— Да, ты прав, все эти войны — её слава и её совесть. Но она знаменита кое-чем ещё. Именно при ней империя достигла наивысшего со дня основания расцвета в торговле, искусствах и науках. Наконец научилась не только побеждать, но и убеждать. Именно Фиеза вернула под руку империи Роиан, разрешив тамошним князьям двоебожие. Именно она восстановила связи с Милленом, разорванные во время Междоусобицы. А побеждённый Альхар не стёрла в пыль, не обратила в его жителей в рабство, а протянула своему врагу руку дружбы, женив своего сына на его дочери. Да, ей тоже приходилось действовать жестоко, но она первая, увидела и другой путь. Поэтому у неё было полное право посадить этот нэлькер.
— Твой голос полон восхищения, сестра. Тебе хотелось бы быть на её месте.

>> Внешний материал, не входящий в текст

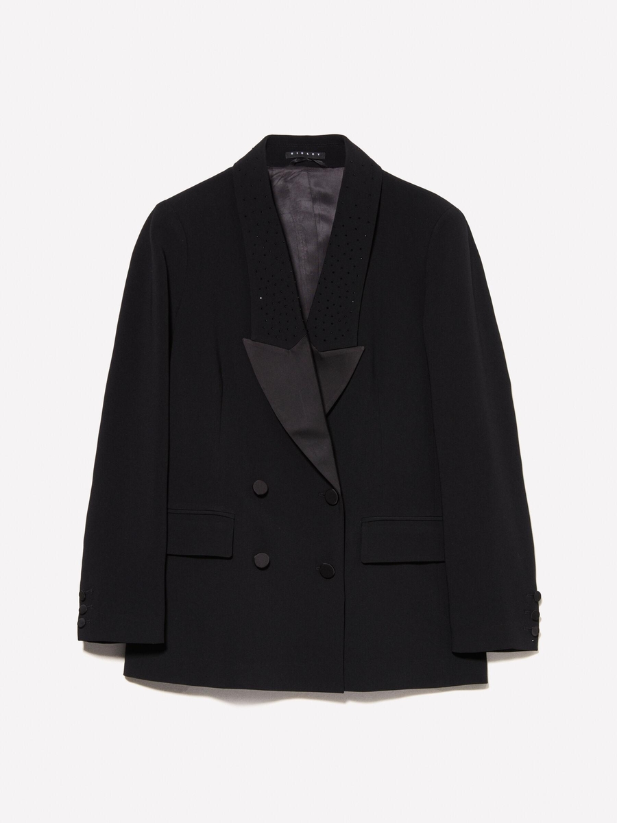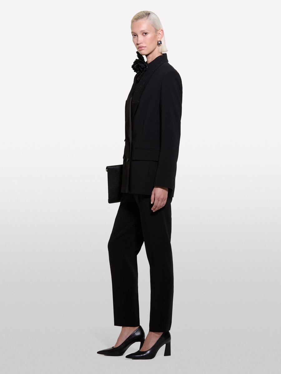 Viskoz Karışımlı Yaka Detaylı Kapaklı Cepli Kruvaze Ceket Kadın Siyah Ceket - 324A2GJCLW02H

— Не правящей вдовой, упасите небеса! — Она коротко рассмеялась. — Но мне бы хотелось, чтобы те мысли, что я смогла донести до Тордэана, стали бы достоянием и всего Алого Солнца. Представь, сколь крепок был бы союз восстановленного Миллена и отказавшейся от огня и меча империи! Безо всякой крови сколь многих эти две державы смогли бы научить Драконьему Пути. Это, конечно, просто мечты, мечты о мире и красоте. Но я бы и впрямь могла, могла бы… но, увы, в делах государственных Тордэан всецело доверяет человеку, для которого война — смысл существования.
— И кто же он?
— Грикул Линн. — Эжен не удивился, он только недавно размышлял об опасности советника, и сейчас получил замечательное тому подтверждение. — Тордэан уважает его, словно отца, а тот, пользуясь этим, прибрал к рукам слишком много власти. Мало ему сундуков с керами и марки Гридан. Гвардия, войско, посольства — всё его. Случись война, и он станет управлять всем, не считаясь с императором. А в скорую войну я верю. Проклятые Seliri не появляются просто так. И знаешь, Эжен, что самое чудовищное? Я ничего не могу ему сделать!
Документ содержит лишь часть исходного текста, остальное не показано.